(Records from a dataset)
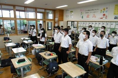 【「ドン!とかかってきなさい!」と王者の風格3年生。堂々と校歌を斉唱してくれました。】
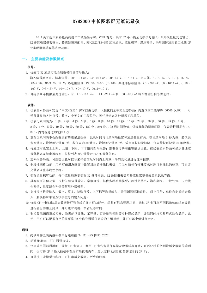 DYM2000中長圖彩屏無紙記錄儀
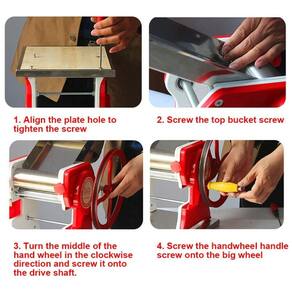Especificações: Cor: Prata e Vermelho, Material: Aço Inoxidável, Peso do Item: 13 kg, Material da Lâmina: Aço Inoxidável, Componentes Inclusos: 1 x máquina de fazer massas, Número de ajustes: 6, Modo de Operação: Manual, É seguro para lava-louças: Sim, É Elétrico: Sim, Número de discos: 2, Fabricante: KAHE, Dimensões do produto: 47,75 x 34 x 31,5 cm, Número do modelo: Commercial Pasta Machines Marca: Não Informado
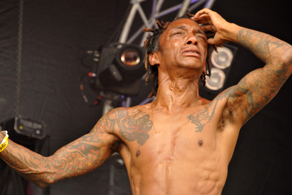 1) Tricky – Shirtless, emotional, and alot of wicked tattoos. He also invited audience members onto the stage, which included a young girl of about age 8ish. I think she may have found her calling.
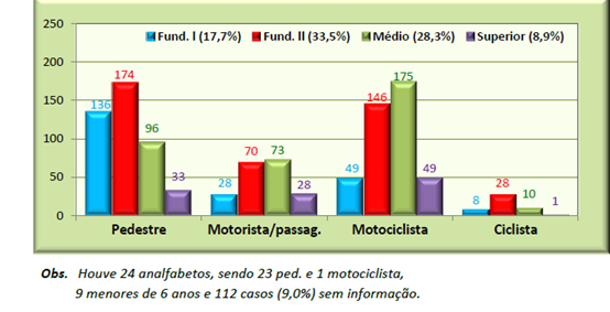 A escolaridade das vítimas fatais de atropelamentos se situa nos níveis preliminares na maioria (51,2%) entre o Fundamental I e Fundamental II, 30% com ensino médio completo e nem 10% com ensino superior. Conforme ocorre com a faixa etária esta situação mais uma vez reproduz também o perfil do Modo a Pé obtido na Pesquisa OD do Metrô.
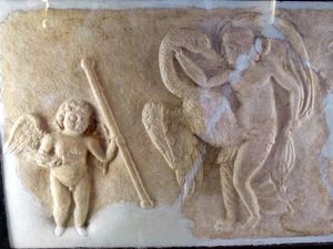 يمينLeda and the swan, with a Cupid in attendance (4th-century Roman relief)
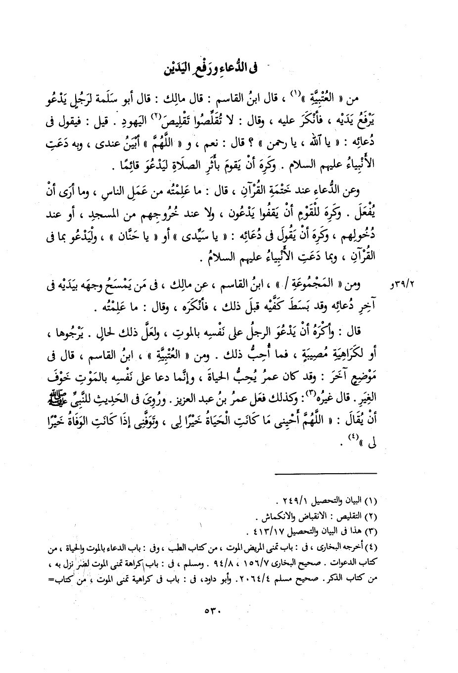 من (العتبية)، قال ابن القاسم: قال مالك: قال أبو سلمة لرجل يدعو يرفع يديه، فأنكر عليه، وقال: لا تقلصوا تقليص اليهود. قيل: فيقول في دعائه: (يألله، يا رحمن)؟ قال: نعم، و (اللهم) أبين عندي، وبه دعت الأنبياء عليهم السلام. وكره أن يقوم بأثر الصلاة ليدعو قائما.
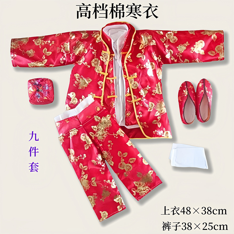 男女兼用四季服9点セット サテン綿入り寒衣 葬儀用十月一寒衣節 祭品 寿服
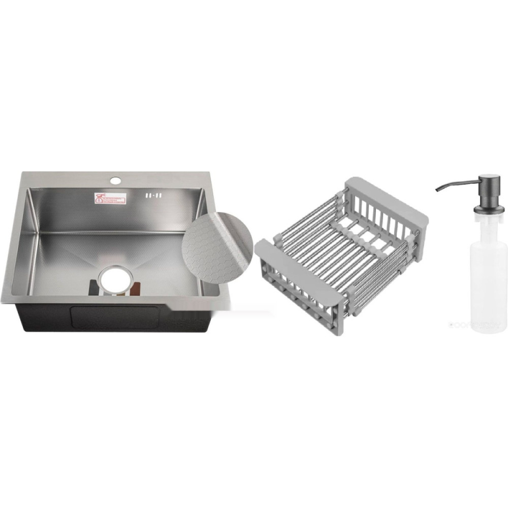Технические характеристики Кухонная мойка Schtoff Best Decor Silver 5550 + коландер KR-1 GREY + дозатор SD-1 GREY
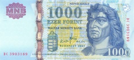 1,000 forint (US$4.30), 2009. Like Pick 195, but new date, new signatures, Omron rings added to front and back in watermark field, black serial numbers instead of red ones, and a silver-holographic security thread instead of a golden-holographic one.
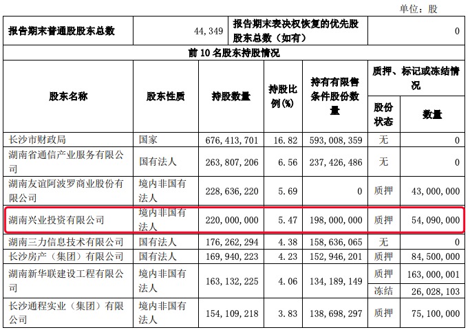 长沙银行三季报显示,截至三季度末,兴业投资持有长沙银行220,000,000股股份,持股比例为5.47%,为长沙银行第四大股东,其中54,090,000股处于质押状态。
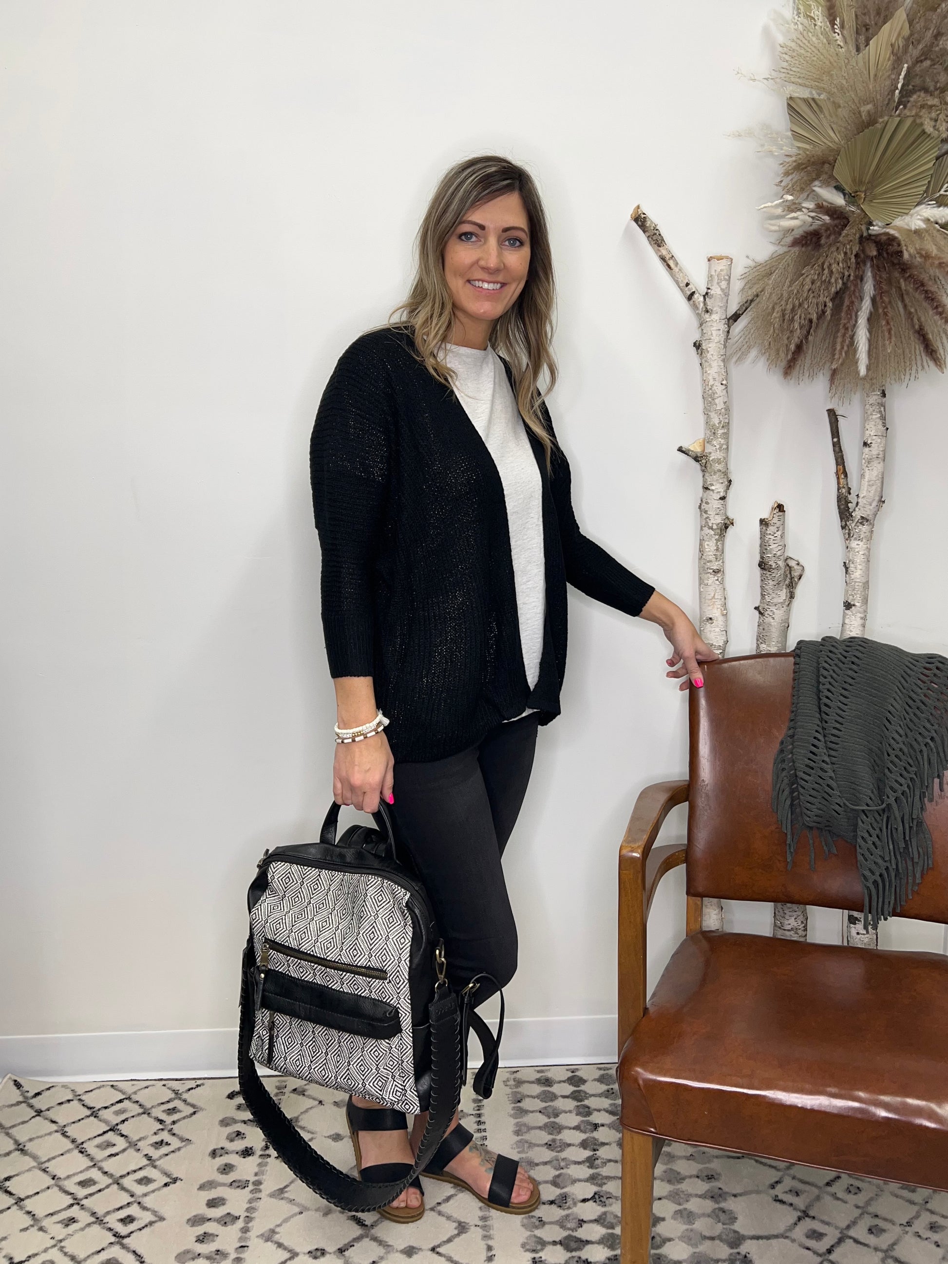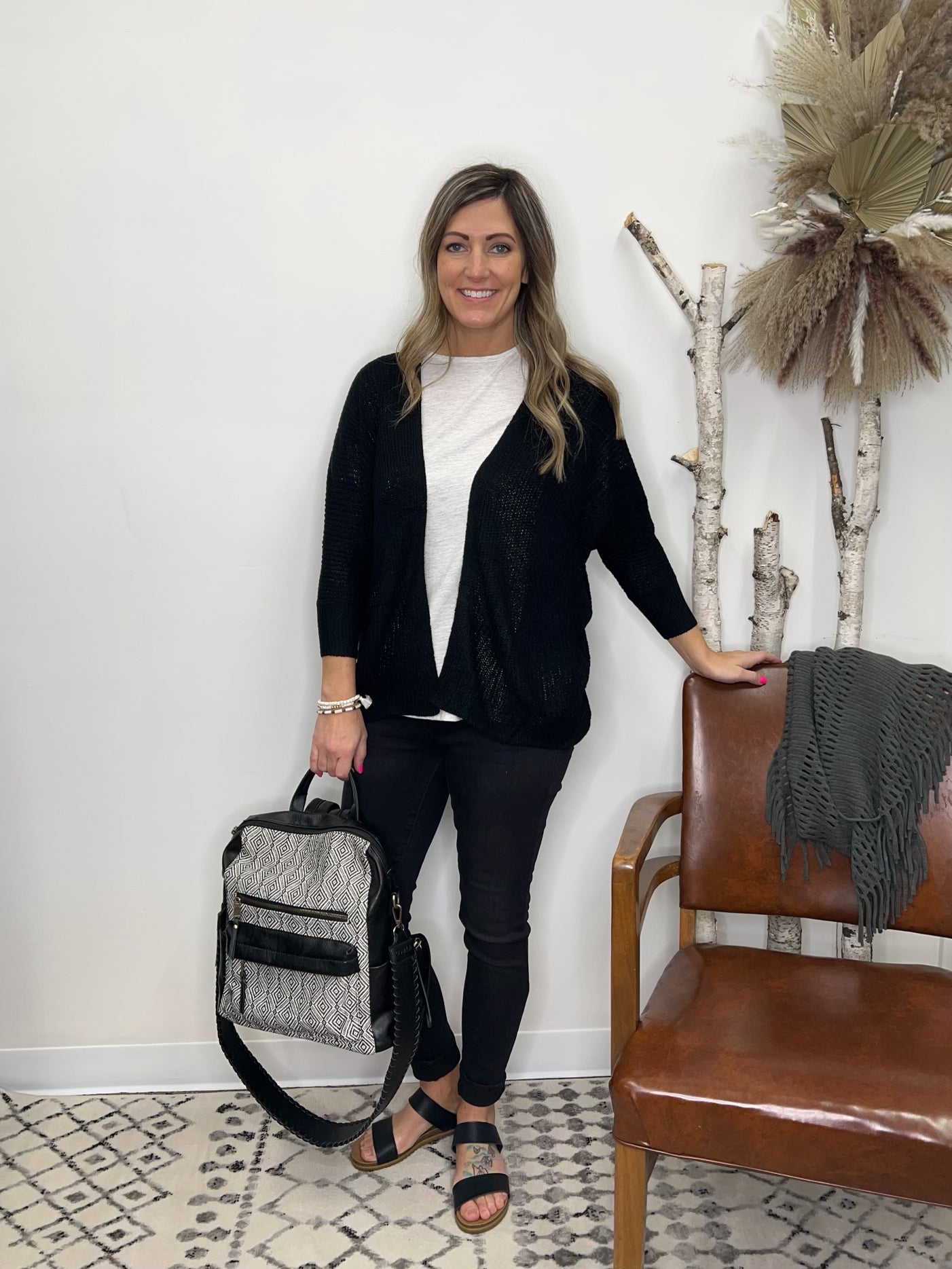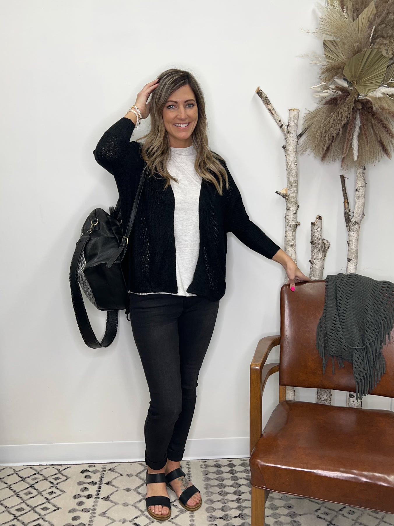 This lightweight knit features a relaxed dolman sleeve and quarter length sleeves for an easy, breezy layer you’ll reach for year round. Perfect for adding a simple touch without the bulk.
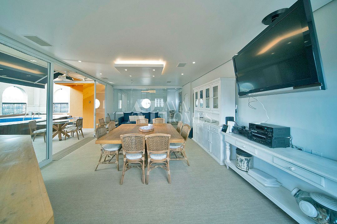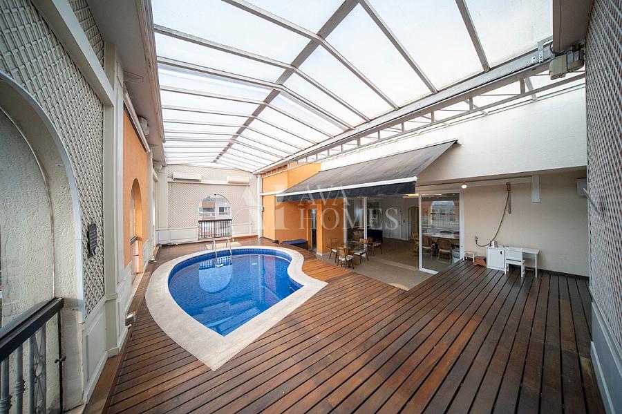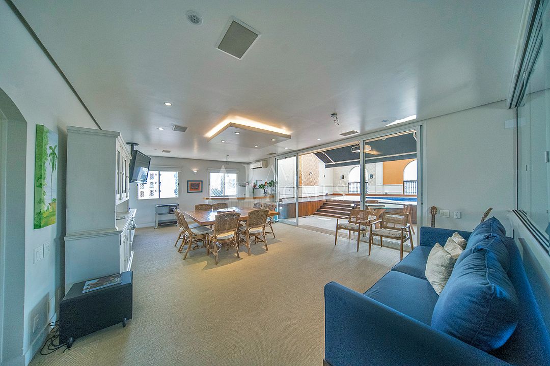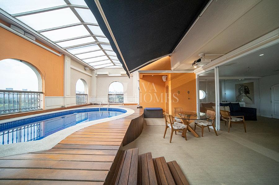 Ampla área fechada com bar e área de piscina com fechamento de teto retrátil;
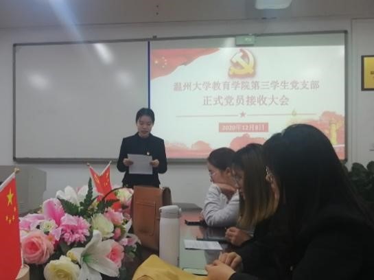 2020年12月8日,第三学生党支部中共预备党员转正大会在成人色情 9A204举行,会议由党支部书记何奔奔同志主持,该支部全体党员参与此次会议。经党支部大会决议,一致同意杨佳检、洪蒋禧、林纯、陈渝渝和周金瑜五位同志按期转为中共正式党员。
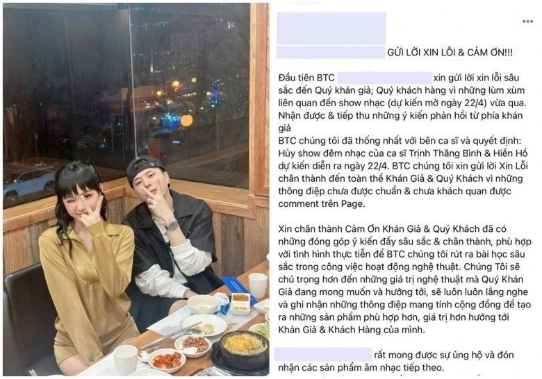 Tiếp thu và tiếp thu những phản hồi từ dư luận, BTC chúng ta đã thống nhất với các ca sĩ và quyết định: Hủy bỏ đêm nhạc của ca sĩ Trịnh Thăng Bình và Hiền Hồ dự kiến diễn ra vào ngày 22/4. Chúng tôi xin chân thành xin lỗi quý công chúng và quý khách hàng về những bình luận thiếu chuẩn mực và không khách quan trên trang.

**Action item**
What is needed here is an exact copy of the lines from the line containing "Ampla área fechada" through the end of the records, with every picture left out.

**Written response**
 Ampla área fechada com bar e área de piscina com fechamento de teto retrátil;
 2020年12月8日,第三学生党支部中共预备党员转正大会在成人色情 9A204举行,会议由党支部书记何奔奔同志主持,该支部全体党员参与此次会议。经党支部大会决议,一致同意杨佳检、洪蒋禧、林纯、陈渝渝和周金瑜五位同志按期转为中共正式党员。
 Tiếp thu và tiếp thu những phản hồi từ dư luận, BTC chúng ta đã thống nhất với các ca sĩ và quyết định: Hủy bỏ đêm nhạc của ca sĩ Trịnh Thăng Bình và Hiền Hồ dự kiến diễn ra vào ngày 22/4. Chúng tôi xin chân thành xin lỗi quý công chúng và quý khách hàng về những bình luận thiếu chuẩn mực và không khách quan trên trang.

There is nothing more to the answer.